Instructions for the task >>
Output exactly, in the material below, the lines from the one with "The4th edition of" through the one with "Студия, 18.4 м², 3/26 этаж". Omit all pictures.

Material for the task >>
-- Opening Marker --

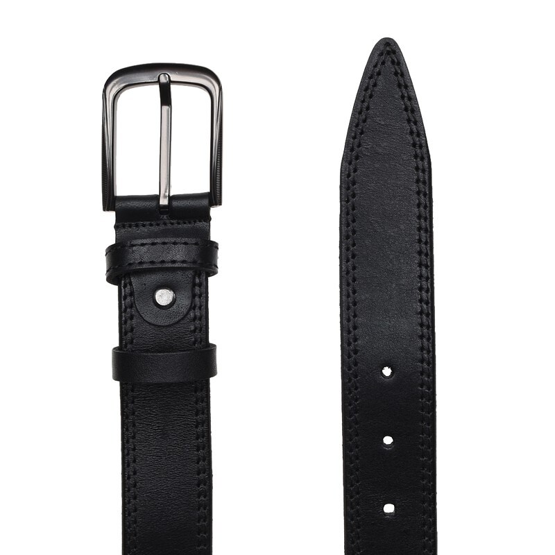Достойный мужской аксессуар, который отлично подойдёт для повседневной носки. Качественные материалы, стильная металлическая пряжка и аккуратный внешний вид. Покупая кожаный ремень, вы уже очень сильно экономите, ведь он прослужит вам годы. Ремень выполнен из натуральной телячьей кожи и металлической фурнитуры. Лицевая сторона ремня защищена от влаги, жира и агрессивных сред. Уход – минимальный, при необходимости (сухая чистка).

-- Closing Marker --
-- Opening Marker --

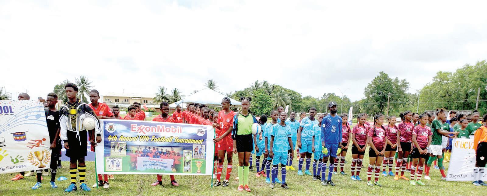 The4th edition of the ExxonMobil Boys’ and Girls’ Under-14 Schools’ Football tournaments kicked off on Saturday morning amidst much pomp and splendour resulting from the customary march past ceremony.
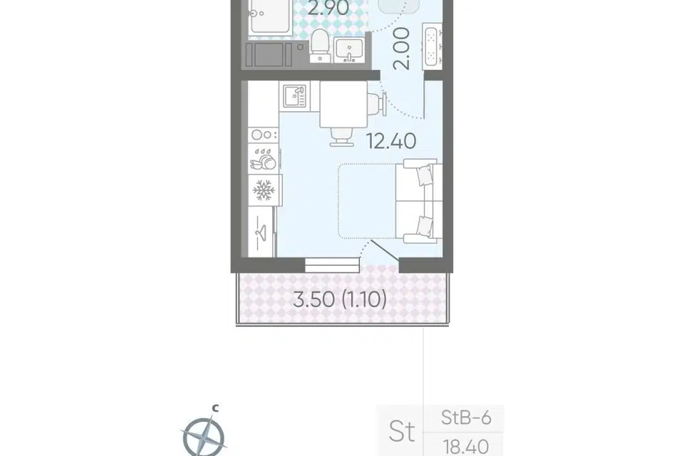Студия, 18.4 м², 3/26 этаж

-- Closing Marker --

Result of this task >>
 The4th edition of the ExxonMobil Boys’ and Girls’ Under-14 Schools’ Football tournaments kicked off on Saturday morning amidst much pomp and splendour resulting from the customary march past ceremony.
Студия, 18.4 м², 3/26 этаж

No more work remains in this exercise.